-- Your objective --
Begin at the line containing "Durante la cerimonia" and give again every line to the end of the records, exactly, without the pictures.

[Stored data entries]
▽

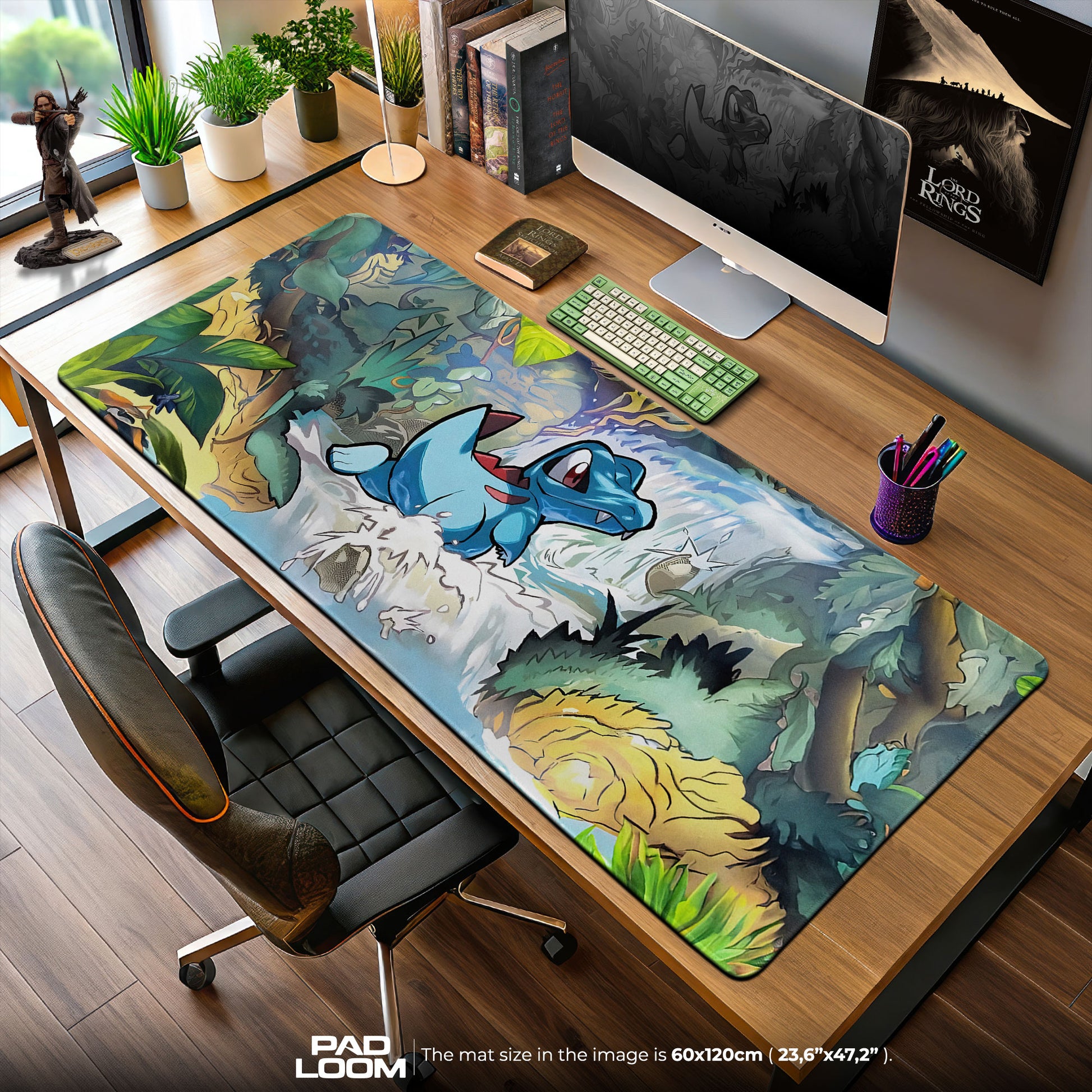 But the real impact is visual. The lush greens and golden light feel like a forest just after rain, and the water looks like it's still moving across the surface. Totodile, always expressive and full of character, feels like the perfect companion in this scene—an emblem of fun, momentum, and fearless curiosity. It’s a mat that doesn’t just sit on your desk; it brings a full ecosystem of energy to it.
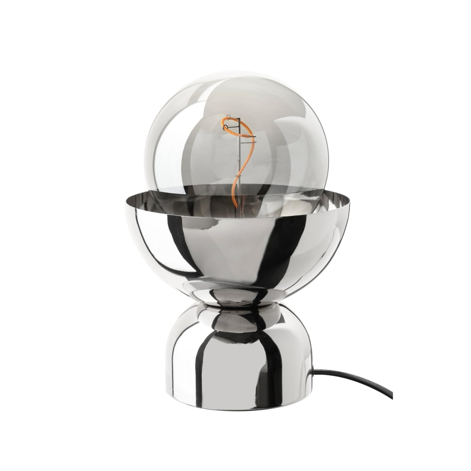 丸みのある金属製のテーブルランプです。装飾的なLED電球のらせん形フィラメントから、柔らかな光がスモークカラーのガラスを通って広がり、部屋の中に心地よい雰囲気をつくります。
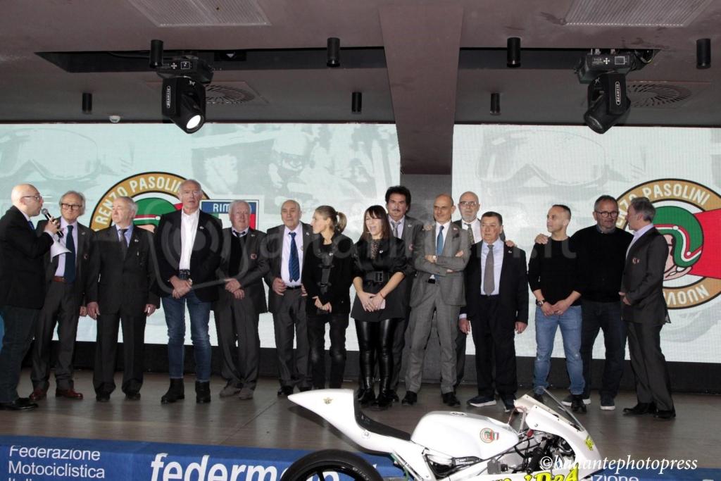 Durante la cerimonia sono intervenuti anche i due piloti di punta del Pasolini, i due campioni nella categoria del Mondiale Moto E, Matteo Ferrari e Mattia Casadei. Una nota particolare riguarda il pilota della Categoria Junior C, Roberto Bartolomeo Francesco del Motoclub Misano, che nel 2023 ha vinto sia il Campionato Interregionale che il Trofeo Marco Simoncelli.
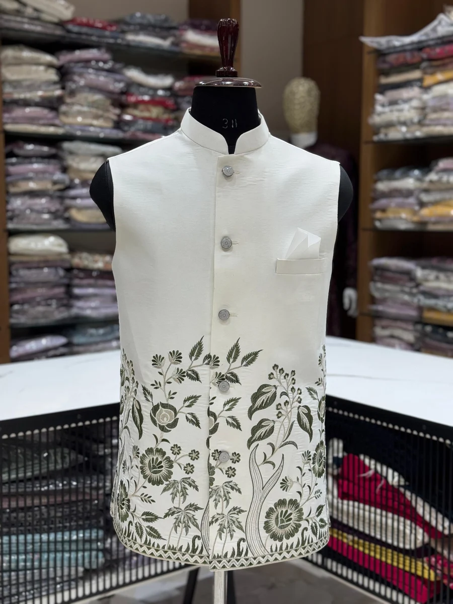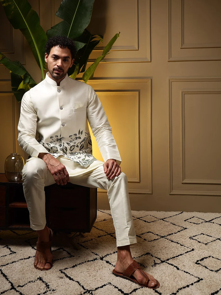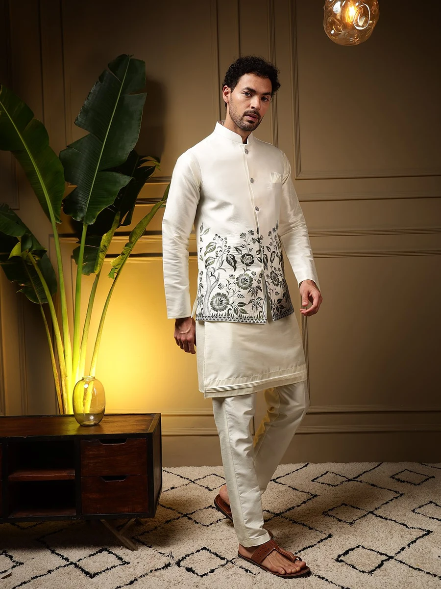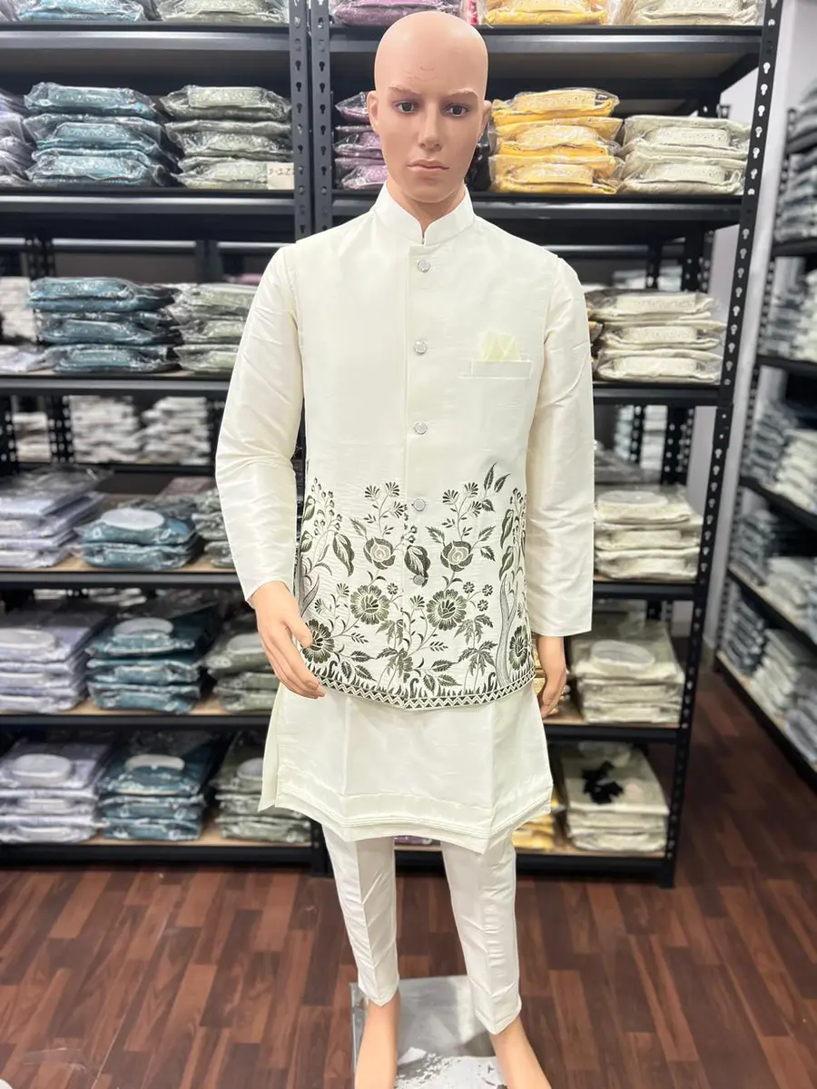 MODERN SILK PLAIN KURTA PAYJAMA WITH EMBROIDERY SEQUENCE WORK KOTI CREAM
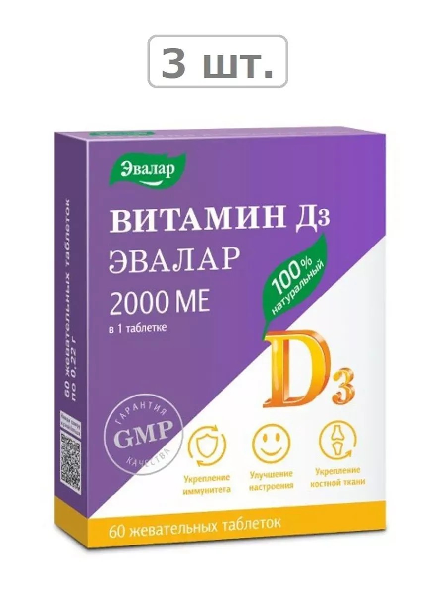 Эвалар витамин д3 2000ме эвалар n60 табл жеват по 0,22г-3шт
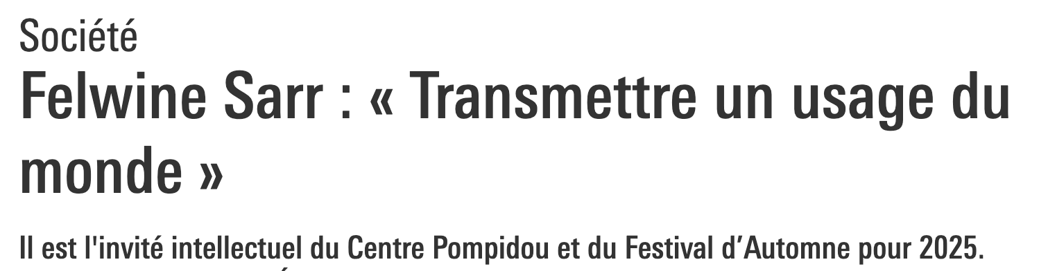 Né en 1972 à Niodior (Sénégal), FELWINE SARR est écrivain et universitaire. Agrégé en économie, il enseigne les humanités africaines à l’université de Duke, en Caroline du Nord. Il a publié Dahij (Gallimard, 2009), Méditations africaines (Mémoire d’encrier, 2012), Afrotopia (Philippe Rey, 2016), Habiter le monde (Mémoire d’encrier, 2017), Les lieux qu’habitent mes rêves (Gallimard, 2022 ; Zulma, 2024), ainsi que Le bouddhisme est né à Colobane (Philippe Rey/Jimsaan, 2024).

△

-- Output of the exercise --
 Durante la cerimonia sono intervenuti anche i due piloti di punta del Pasolini, i due campioni nella categoria del Mondiale Moto E, Matteo Ferrari e Mattia Casadei. Una nota particolare riguarda il pilota della Categoria Junior C, Roberto Bartolomeo Francesco del Motoclub Misano, che nel 2023 ha vinto sia il Campionato Interregionale che il Trofeo Marco Simoncelli.
 MODERN SILK PLAIN KURTA PAYJAMA WITH EMBROIDERY SEQUENCE WORK KOTI CREAM
 Эвалар витамин д3 2000ме эвалар n60 табл жеват по 0,22г-3шт
 Né en 1972 à Niodior (Sénégal), FELWINE SARR est écrivain et universitaire. Agrégé en économie, il enseigne les humanités africaines à l’université de Duke, en Caroline du Nord. Il a publié Dahij (Gallimard, 2009), Méditations africaines (Mémoire d’encrier, 2012), Afrotopia (Philippe Rey, 2016), Habiter le monde (Mémoire d’encrier, 2017), Les lieux qu’habitent mes rêves (Gallimard, 2022 ; Zulma, 2024), ainsi que Le bouddhisme est né à Colobane (Philippe Rey/Jimsaan, 2024).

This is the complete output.